Frederick MacMonnies was one of the first American sculptors to recognize the potential market of the middle class. He copyrighted his works and then contracted with foundries to mass produce some of his figures such as Diana in smaller sizes.

MacMonnies was born in Brooklyn, New York, and was a child prodigy at carving stone. At age 18, he worked in the studio of Augustus Saint-Gaudens, and then persuaded him to become his assistant, keeping models damp and covered, running errands, and cleaning the studio. Evenings he studied at the Art Students League, Cooper Union, and the National Academy of Design.  

In Saint-Gaudens' studio, he met many of the wealthy people who shared Saint-Gaudens Beaux-Arts based ideas that art and architecture should be unified in order to create public art in America equal to that of classical antiquity or Renaissance Europe. Among the men that MacMonnies met through Saint-Gaudens who later furthered his career were architects Stanford White and Charles McKim and John LaFarge, decorator of mansions of the wealthy including the Vanderbilts.

After four years of study and work in New York, MacMonnies left for Paris, opting for the more modernist techniques he could learn there over the more traditional sculpture teaching in Rome.  One of his first teachers was Alexandre Falguiere, who had been an instructor of Saint-Gaudens and who injected a degree of contemporary realism into his classical figures.
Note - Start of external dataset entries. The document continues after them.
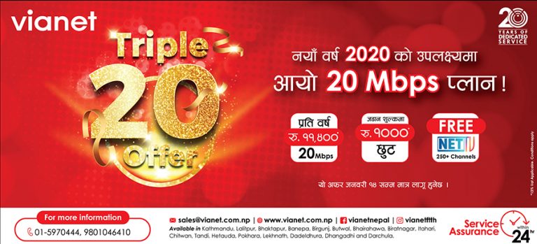 Vianet is also celebrating 20years in the market, therefore the launch of “Triple 20 offer” is an ideal celebration for the new customers to join in the family. The offer has started from the 30th of December 2019 and is valid only till the 14th of January 2020.
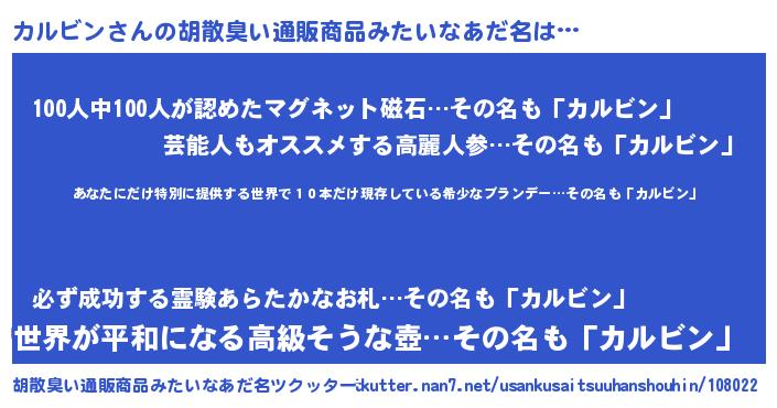 | 意味不明あだ名 | 『住所不定無職カルビン(77歳)』 |
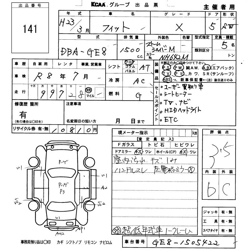 HONDA FIT - лот 141
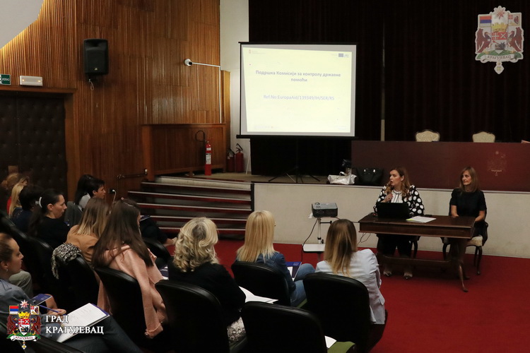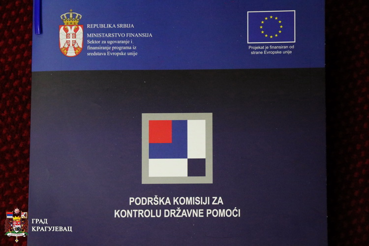 У оквиру пројекта Подршка Комисији за контролу државне помоћи за запослене у Градској управи Крагујевац одржана је обука о правилима и процедурама контроле државне помоћи. Пројектом управља Министарство финансија Републике Србије, Сектор за уговарање и финансирање програма, буџетом од 999 хиљада евра финансира Европска унија из претприступних (ИПА 2014) средстава а спроводи га Alternativ Consalting у сарадњи са компанијом DMI France и Саветом за заштиту конкуренције Републике Литваније.
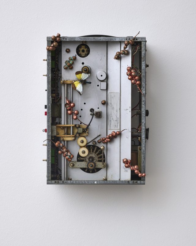 Steel, glass, hacked egg incubator, watercolour on nettle cloth, agar-agar, various fungi and bacteria
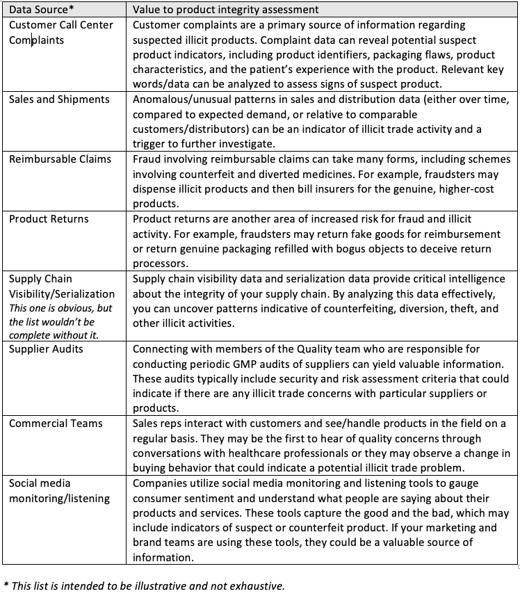 How do you know more than you think? Because your existing internal data and business intelligence, when viewed through a product integrity lens, can provide a trove of relevant and useful information. Digging into this data can begin to shed light on the issue and provide actionable insights. Your colleagues working in the commercial, quality, and supply chain areas may also be able to provide valuable information to help you begin to formulate a clearer picture of the risk. Consider the data sources in the below table and what they can tell you about illicit trade risk (click to enlarge).
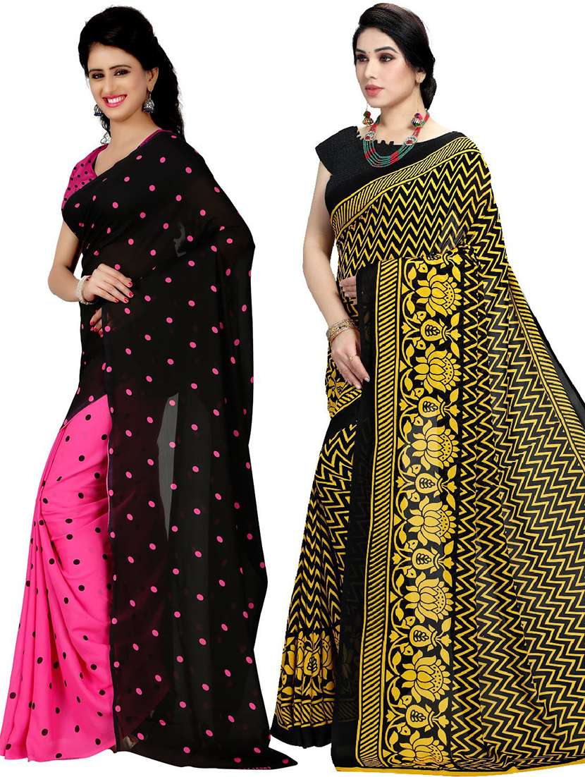women pack of 2 casual wear combo sarees with blouse - 21410873 - Very Small Image - 1

MacMonnies mingled with many upper class American expatriates and met his future wife, Mary Fairchild, a painter.   

MacMonnies came home briefly to help Saint-Gaudens with a project and then gained admittance in Paris to the Ecole des Beaux Arts, where he did numerous classical figures inspired by the style of small bronzes of Renaissance Florence, Italy.

In 1889, he established his reputation with his sculpture of "Diana" at the Paris Salon. The execution of his nude sculpture was a challenge for a sculptor such as himself who strove for slim, well proportioned figures---the "aestheticizing of the nude". (Katz 12) In those days, most of the female models were poor peasants who were stocky with poor figures, distorted feet and often unbathed.  However, MacMonnies found Marie Caira as the model for his Diana figures, and she, from a professional family of models, had the figure and social stature that met his criteria.  

Although he chose to live in Paris, many of his public and private sculpture commissions in future years, with the help of Saint-Gaudens and also architect, Stanford White, were in the United States. 

At the recommendation of Saint-Gaudens, he successfully entered the "Nathan Hale" competition for City Hall Park in New York City and had work at the 1893 World's Fair Exposition in Chicago. His work titled The Barge of State, a thirty-eight figure extravaganza, made him nationally famous. A bronze Bacchante of a female nude in riotous abandon caused a lot of controversy including being banned in Boston, but the attention brought him even more work.


Sources:
Matthew Baigell, Dictionary of American Art
Wendy Katz, "Frederick MacMonnies", Sculpture from the Sheldon Memorial Art Gallery, Edited by Karen O. Janovy, pp. 10-12.